The Republican National Convention will take place in Milwaukee, Wisconsin, from 15 to 18 July followed by its Democratic counterpart in Chicago, Illinois, from 19 to 22 August.

After November’s vote, Congress will formally certify the results on 6 January 2025 and the new president will be inaugurated two weeks later on 20 January.

Republican candidates

Trump, 77, is dominating a large field of candidates who have largely avoided criticizing him for his actions related to the 2020 election for fear of alienating his base of diehard supporters.

Many of those supporters believe Trump's false claims that the election was stolen from him.

His Republican rivals, such as Florida Governor Ron DeSantis and former U.S. Ambassador to the United Nations Nikki Haley, instead have argued that Trump’s legal woes will hamstring him in a general-election fight against Biden.

Two notable exceptions are Trump’s former vice president, Mike Pence, and former New Jersey Governor Chris Christie, who have both condemned Trump’s attempts to subvert the 2020 election outcome.

Former President Donald Trump during the second day of his civil fraud trial at New York State Supreme Court / Getty Images

Entrepreneur Vivek Ramaswamy, a newcomer to politics, is running as an inheritor of Trump’s populist, America First agenda, one that is wary of an expansive federal government, corporate power and international alliances.
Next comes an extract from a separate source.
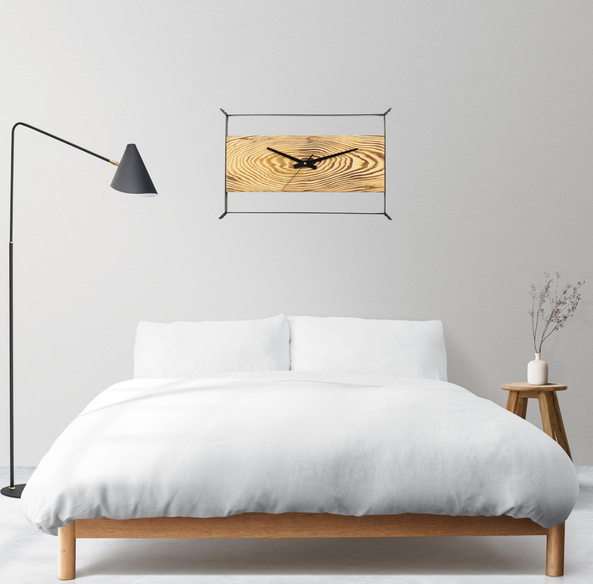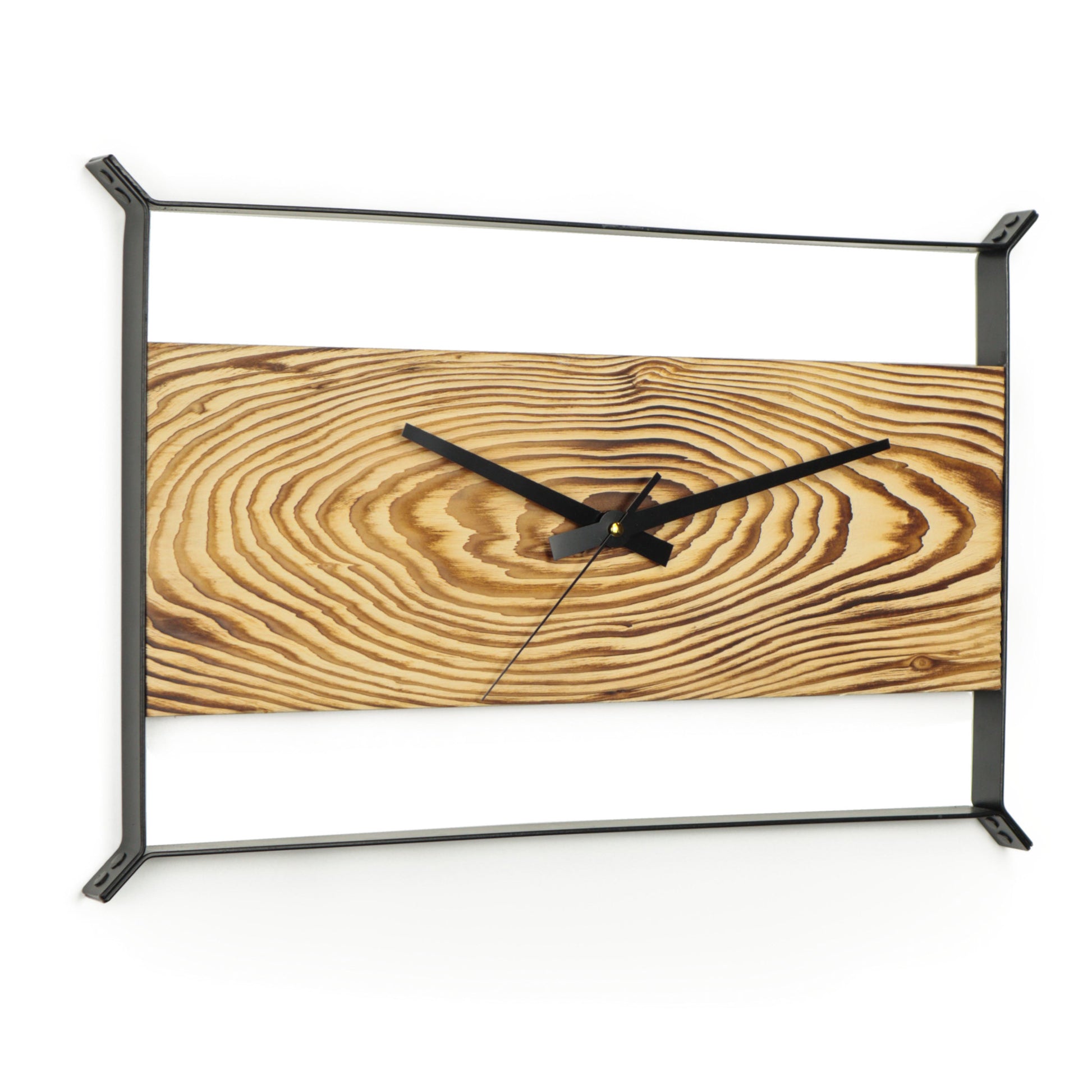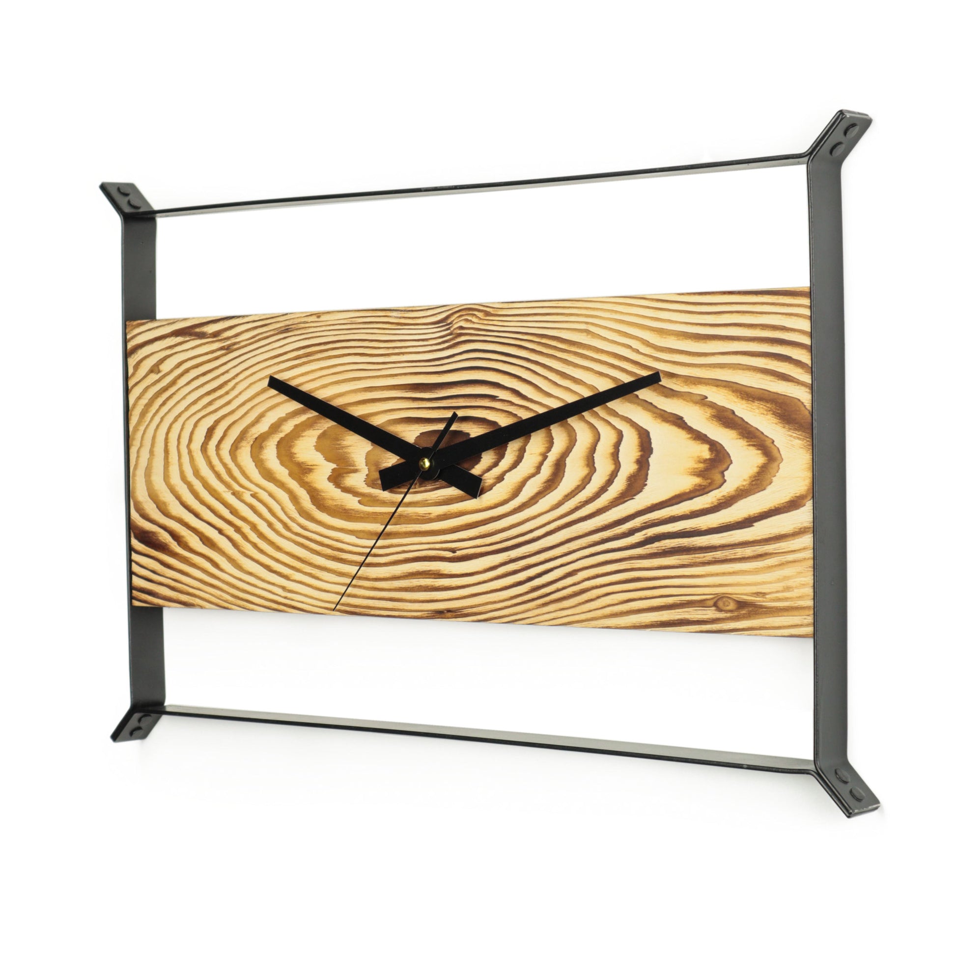 Metal Çerçeveli Dikdörtgen Köknar Ağacı Duvar Saati

DeSantis was once viewed as the most likely candidate to deny Trump the nomination, but his campaign has sputtered since launching in May despite having a big war chest. He risks falling into the rest of the pack behind Trump.
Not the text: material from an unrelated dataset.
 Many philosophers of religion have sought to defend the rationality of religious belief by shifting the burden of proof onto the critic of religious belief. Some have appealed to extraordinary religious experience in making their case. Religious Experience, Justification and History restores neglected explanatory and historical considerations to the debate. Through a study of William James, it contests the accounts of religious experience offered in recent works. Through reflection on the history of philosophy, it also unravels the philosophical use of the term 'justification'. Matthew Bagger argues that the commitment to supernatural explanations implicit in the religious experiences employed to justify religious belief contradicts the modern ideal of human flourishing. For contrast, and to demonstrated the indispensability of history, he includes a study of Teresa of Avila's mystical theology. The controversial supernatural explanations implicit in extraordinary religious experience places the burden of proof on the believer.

Opinion polls show that Trump is largely tied with Biden in head-to-head matchups, with voters concerned about Biden's age and his handling of the economy despite job growth, infrastructure investment and a slow easing of inflation after last year's peak.
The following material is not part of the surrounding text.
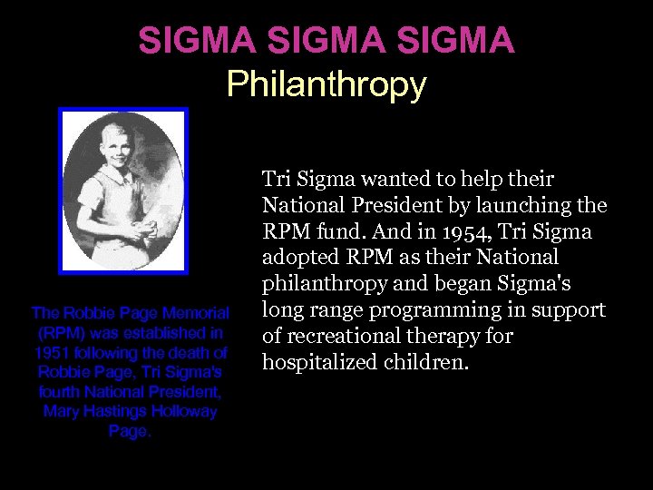 SIGMA Philanthropy The Robbie Page Memorial (RPM) was established in 1951 following the death of Robbie Page, Tri Sigma's fourth National President, Mary Hastings Holloway Page. Tri Sigma wanted to help their National President by launching the RPM fund. And in 1954, Tri Sigma adopted RPM as their National philanthropy and began Sigma's long range programming in support of recreational therapy for hospitalized children.

Trump faces indictments in four cases in federal and state courts for his efforts to undermine the 2020 election, his mishandling of classified documents and his involvement in a “hush money” scheme involving a porn star.

He has maintained his innocence and argued that he is the victim of politically motivated prosecutions, an assertion the Biden administration denies.

The legal calendars for those cases pose obstacles for Trump's ability to campaign.

Democrat candidates

While voters may not be enthusiastic, Democratic leaders are backing Biden and his vice president, Kamala Harris.

Robert F. Kennedy Jr., scion of the storied political family, who has pushed anti-vaccine and anti-COVID-19 safety views, is a long-shot challenger, although some media reports say he is planning to drop his challenge and launch an independent bid.

Self-help author and speaker Marianne Williamson is another dark-horse candidate.

Biden's pitch for a second four-year term rests on his stewardship of the economy as it has emerged from the COVID pandemic, and what he calls the "battle for the soul of America," a fight against Trump-aligned Republicans.

U.S. President Joe Biden delivers remarks at an event / (Photo by Kevin Dietsch/Getty Images)

Under Biden, unemployment dropped to generational lows, gross domestic product (GDP) grew faster than expected and wages have risen.

However, inflation spiked last year, and, while it has eased in recent months, voters remain concerned about the high price of staples such as food, fuel, cars and housing.

Should Trump be the Republican nominee, much of Biden's campaign is likely to focus on warning voters that Trump poses a mortal threat to American democracy.

The lack of enthusiasm among voters for a Biden-Trump rematch suggests a third-party challenger could garner some support or push more Americans to sit out the election. A significant third-party candidate has yet to emerge, however.